Roger made the arrangements for the ceilidh automatically, not daring to look at Brianna. They stood in silence, a foot or two apart, as the men left, casting curious looks behind them. Brianna stared down into the mud and grass where they stood, arms crossed in front of her. The burning feeling was still in Roger’s chest, but now it was different. He wanted to touch her, to apologize again, but he thought that would only make things worse.

In the end, she moved first. She came to him and laid her head on his chest, the coolness of her wet hair brushing the wound in his throat. Her breasts were huge, hard as rocks against his chest, pushing against him, pushing him away.

“I need Jemmy,” she said softly. “I need my baby.”

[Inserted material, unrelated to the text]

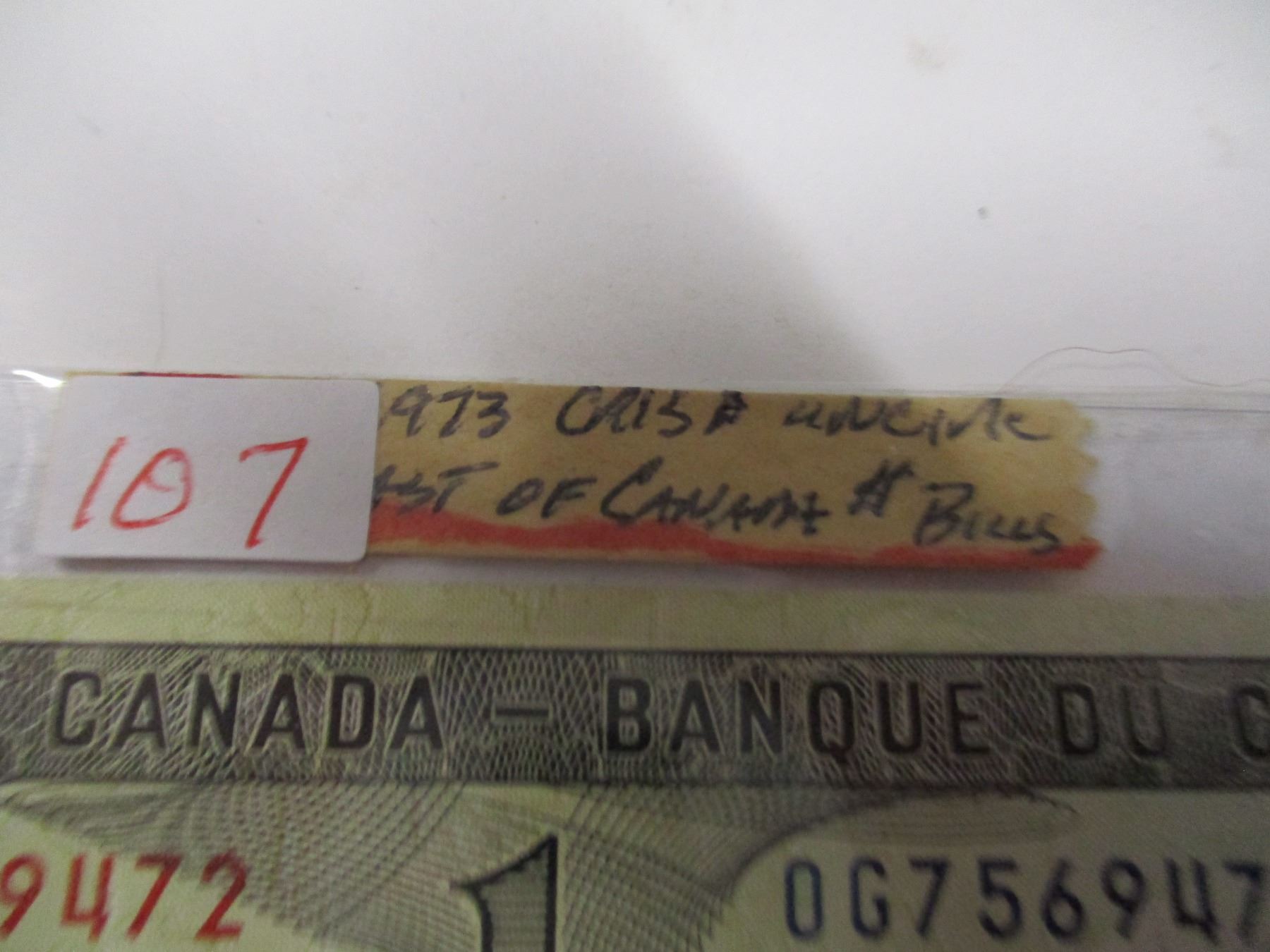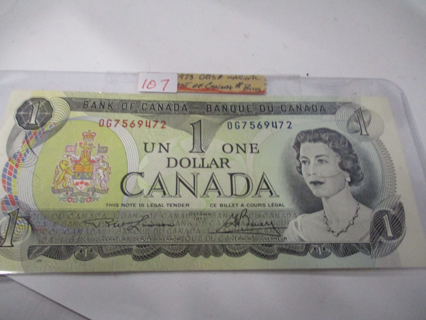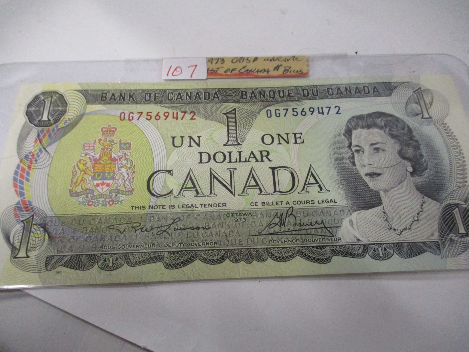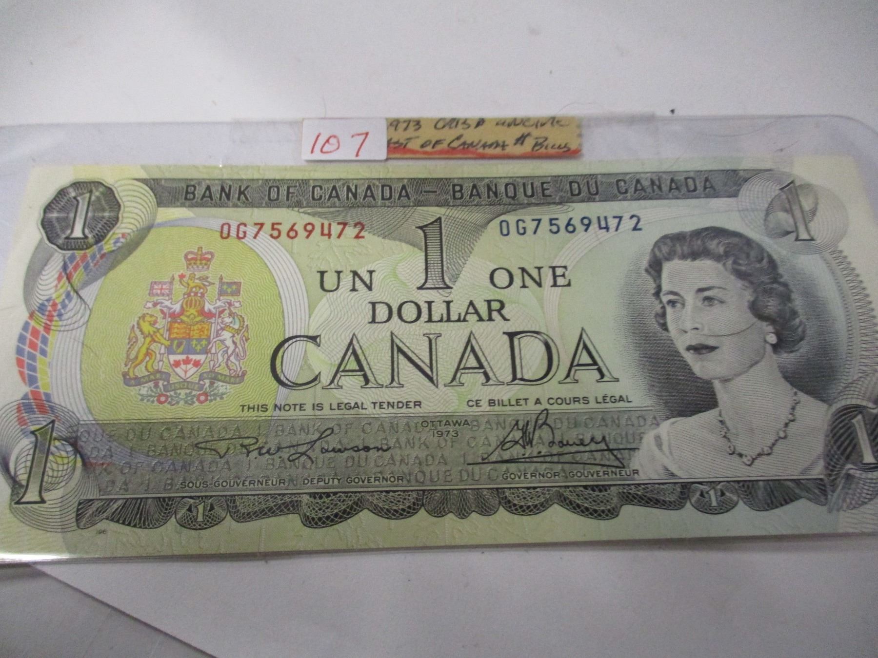 Lot 107 1973 CRISP UNCIRCULATED LAST OF CANADA $1 BILL
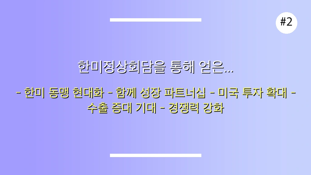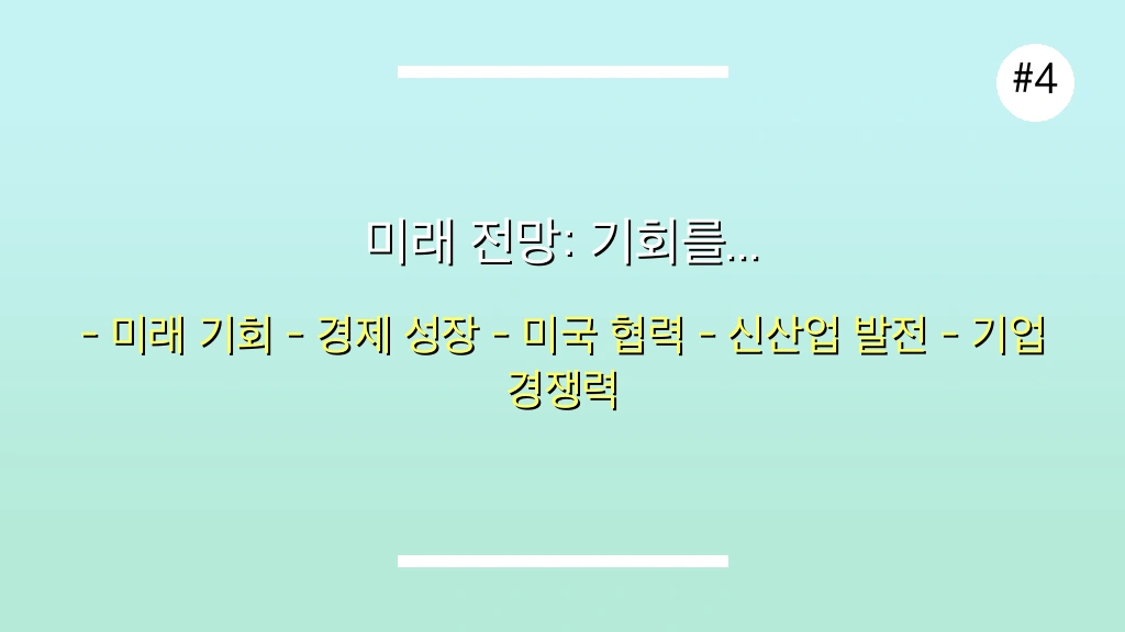 “이번 정상회담은 한국 기업들의 미국 내 경쟁력을 한 단계 끌어올릴 절호의 기회입니다. 동맹 현대화와 협력 강화를 통해 한국 기업들은 미국 시장에서 더욱 강력한 입지를 구축할 수 있을 것입니다.”

The words jammed in his throat, caught between apology and anger. He had not realized how much it would hurt to think of Jemmy as belonging to someone else—not his, but Bonnet’s.

“I need him, too,” he whispered at last, and kissed her briefly on the forehead before taking her hand to cross the meadow once again. The mountain above lay shrouded in mist, invisible, though shouts and murmurs, scraps of speech and music drifted down, like echoes from Olympus.


 

SHRAPNEL

THE DRIZZLE HAD STOPPED by mid-morning, and brief glimpses of pale blue sky showed through the clouds, giving me some hope that it might clear by evening. Proverbs and omens quite aside, I didn’t want the wedding ceremonies dampened for Brianna’s sake. It wouldn’t be St. James’s with rice and white satin, but it could at least be dry.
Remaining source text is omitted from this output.